(Untitled)

Portrait of the art world exhibits humor, not cynicism

November 13, 2009|Wesley Morris, Globe Staff

The New York art world does such a wonderful job of satirizing itself that further assistance hardly seems necessary. But with “(Untitled),’’ writer and director Jonathan Parker takes for granted the trumped-up stakes, the humorlessness, and the artists’ capacity for opportunism and willful absurdity. The players in this movie are cynical, but, amazingly, Parker is not. His movie works as a serious comedy in which the assorted players - a couple of artists, some gallerists, and the people who attend (or don’t attend) their shows - discuss what art is, what it should aspire to be, and what kind of people collect, exhibit, and consider it.

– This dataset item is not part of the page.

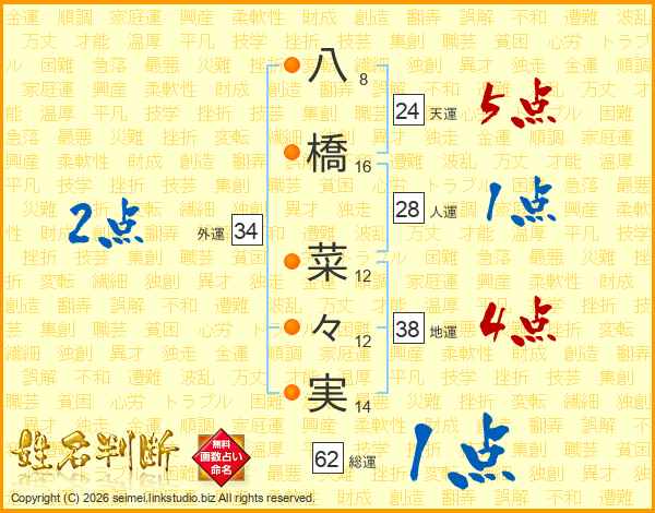 八(8画)橋(16画) 菜(12画)々(12画)実(14画)
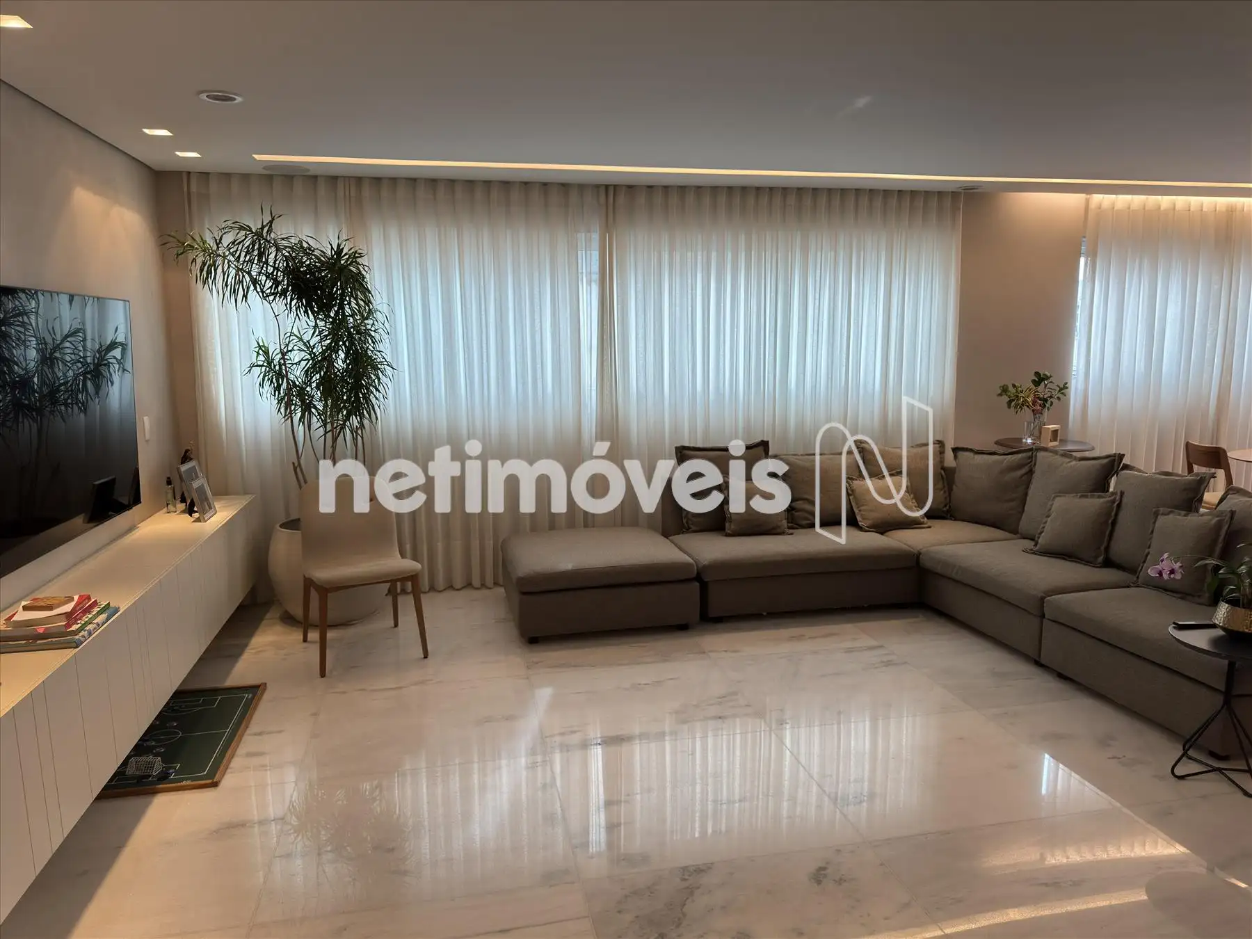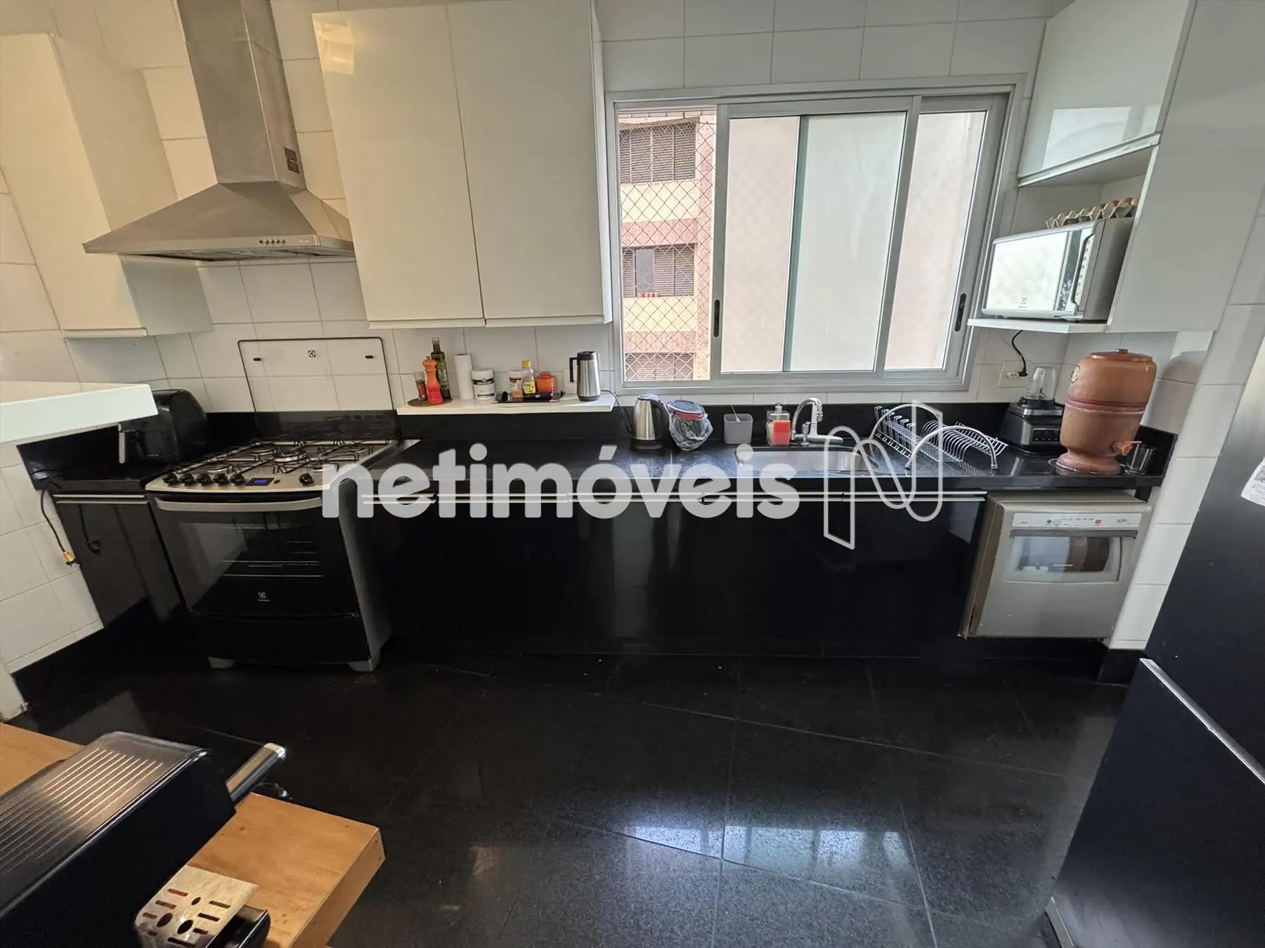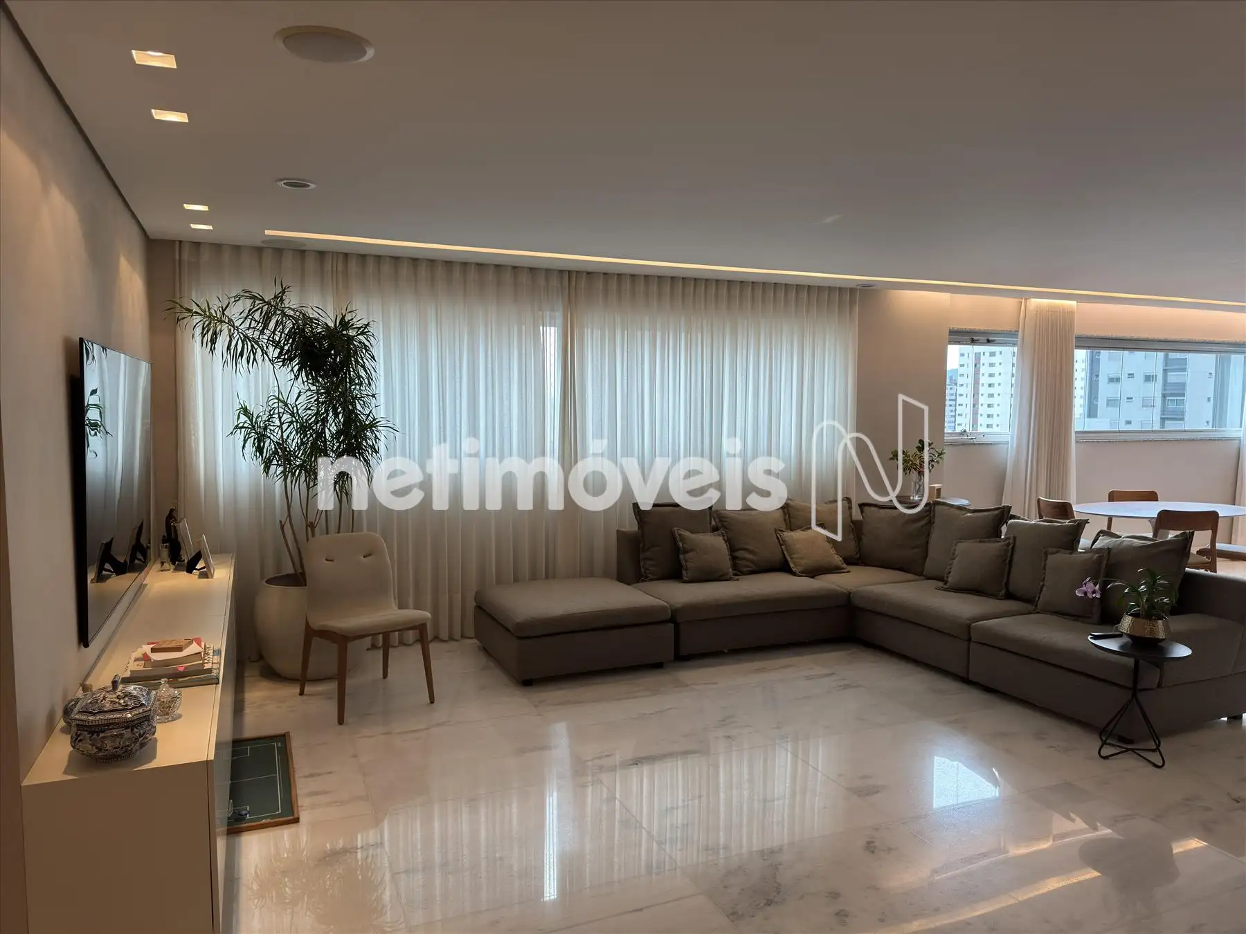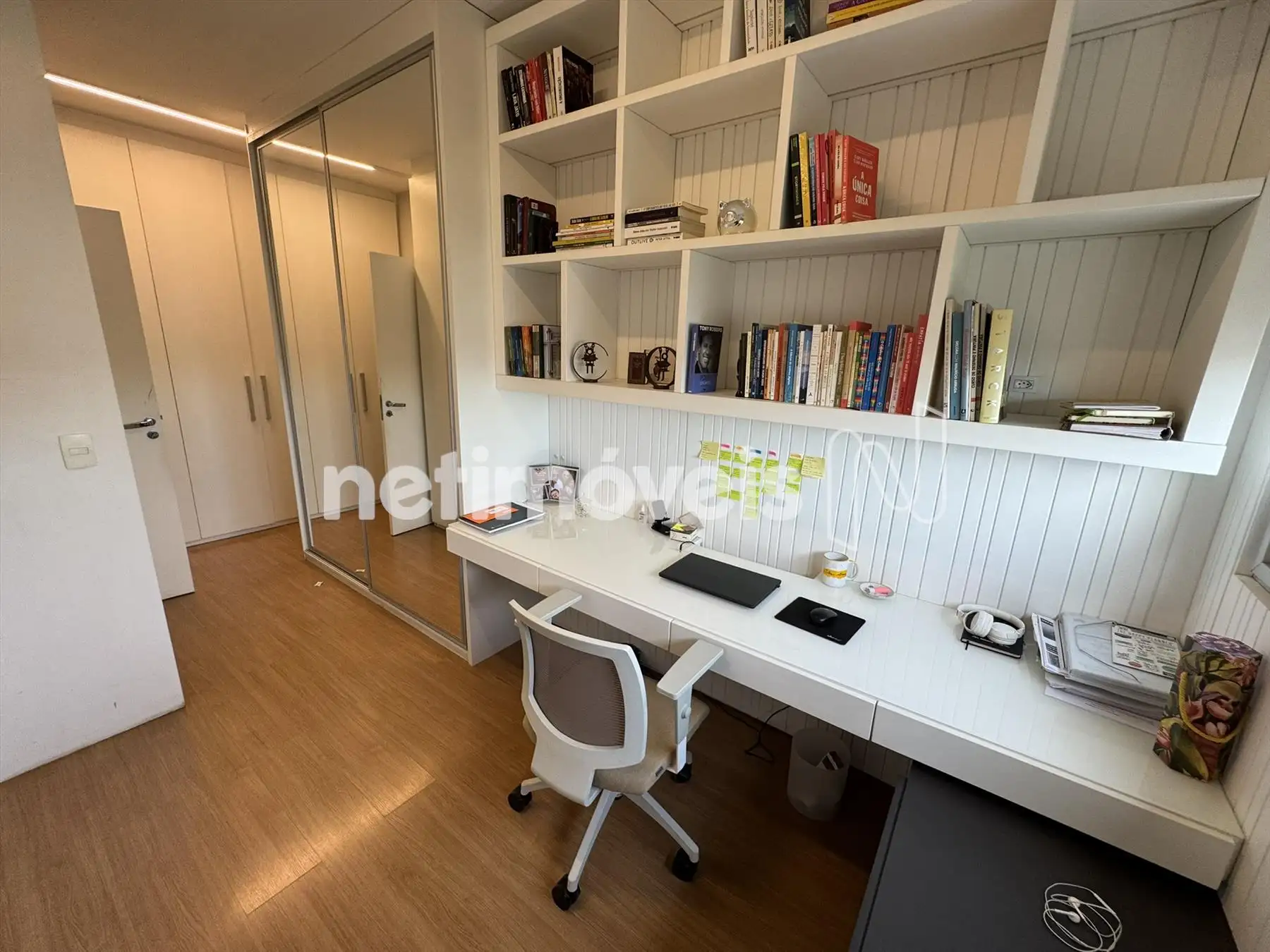 Salão em mármore para 3 ambientes amplos com varanda integrada e lavabo. Cozinha com armários, área de serviço com despensa e banheiro de serviço. Área de circulação com rouparia. A planta original do apartamento tem 2 suítes e 2 semi-suítes. Os proprietários integraram um quarto da semi-suíte ao quarto da suíte master (como closet e escritório) e o apartamento atualmente possui 3 suítes. Todas as suítes com armários e ar condicionado.

Adrian Jacobs (Adam Goldberg) is a doomy composer loosely of the John Cage performance-art mold. He plays with the sort of ensemble that crumples newspaper, drops a chain into a metal pail, bangs, blows, and bleats. One performance begins with the woman who plays the clarinet screaming, “Hiii Ya!’’ The auditoriums are mostly empty, but one evening Adrian’s brother, Josh (Eion Bailey), brings a date, Madeleine Gray (Marley Shelton), the owner of a Chelsea gallery where Josh is desperate to show his enormous bland abstractions.

Though she won’t exhibit it at the gallery, Madeleine has just sold a batch of Josh’s work to a hotel chain, but it’s “challenging’’ stuff like Adrian’s assaultive anti-music that turns her on. Even after he mocks her disruptions during his performance (her coat squeaks, she fans herself), she invites him to play during the opening for a new show by Ray Barko (Vinnie Jones). Ray is a hot bad-boy Brit. He specializes in the kind of taxidermy that made Damien Hirst rich and notorious. One Barko has a monkey sucking from the nozzle of a vacuum cleaner. “It’s easy to see why Ray’s a star,’’ Madeleine says. Once the camera has peered around the installation, that line seems pretty funny, but she’s not kidding. His pretentious, overblown pieces thrill her in the same way that Adrian’s sound-art does.